Working data Block Start
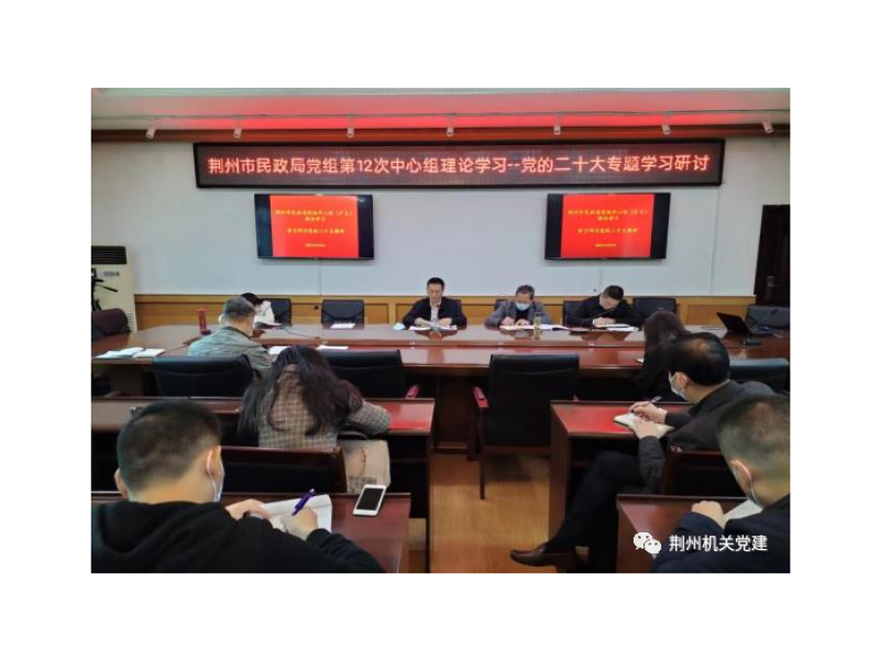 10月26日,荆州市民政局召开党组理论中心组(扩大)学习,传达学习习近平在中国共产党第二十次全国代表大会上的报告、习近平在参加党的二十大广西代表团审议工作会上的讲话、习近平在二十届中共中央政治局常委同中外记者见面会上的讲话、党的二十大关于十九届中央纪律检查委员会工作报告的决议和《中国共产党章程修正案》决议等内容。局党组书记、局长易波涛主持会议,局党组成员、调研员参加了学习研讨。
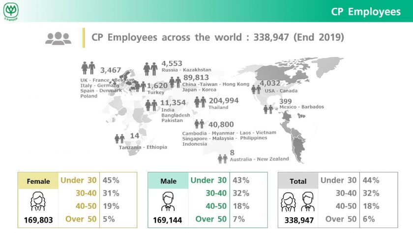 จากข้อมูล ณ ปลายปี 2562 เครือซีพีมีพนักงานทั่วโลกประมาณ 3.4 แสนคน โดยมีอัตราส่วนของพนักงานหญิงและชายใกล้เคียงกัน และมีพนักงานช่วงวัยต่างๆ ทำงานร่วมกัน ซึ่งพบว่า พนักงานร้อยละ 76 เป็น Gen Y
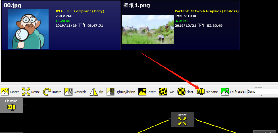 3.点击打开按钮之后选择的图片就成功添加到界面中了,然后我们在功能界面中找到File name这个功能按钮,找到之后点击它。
Working data Block End
Working data Block Start
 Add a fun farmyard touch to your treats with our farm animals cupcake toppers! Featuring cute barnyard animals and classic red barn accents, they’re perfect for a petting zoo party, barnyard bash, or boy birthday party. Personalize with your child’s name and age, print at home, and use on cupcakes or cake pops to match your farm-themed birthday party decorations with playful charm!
Working data Block End
> Problem to work on
Look above for the line with "จากข้อมูล ณ ปลายปี", then give again exactly every line from there through the line with "3.点击打开按钮之后选择的图", skipping the pictures.

> Expected answer
 จากข้อมูล ณ ปลายปี 2562 เครือซีพีมีพนักงานทั่วโลกประมาณ 3.4 แสนคน โดยมีอัตราส่วนของพนักงานหญิงและชายใกล้เคียงกัน และมีพนักงานช่วงวัยต่างๆ ทำงานร่วมกัน ซึ่งพบว่า พนักงานร้อยละ 76 เป็น Gen Y
 3.点击打开按钮之后选择的图片就成功添加到界面中了,然后我们在功能界面中找到File name这个功能按钮,找到之后点击它。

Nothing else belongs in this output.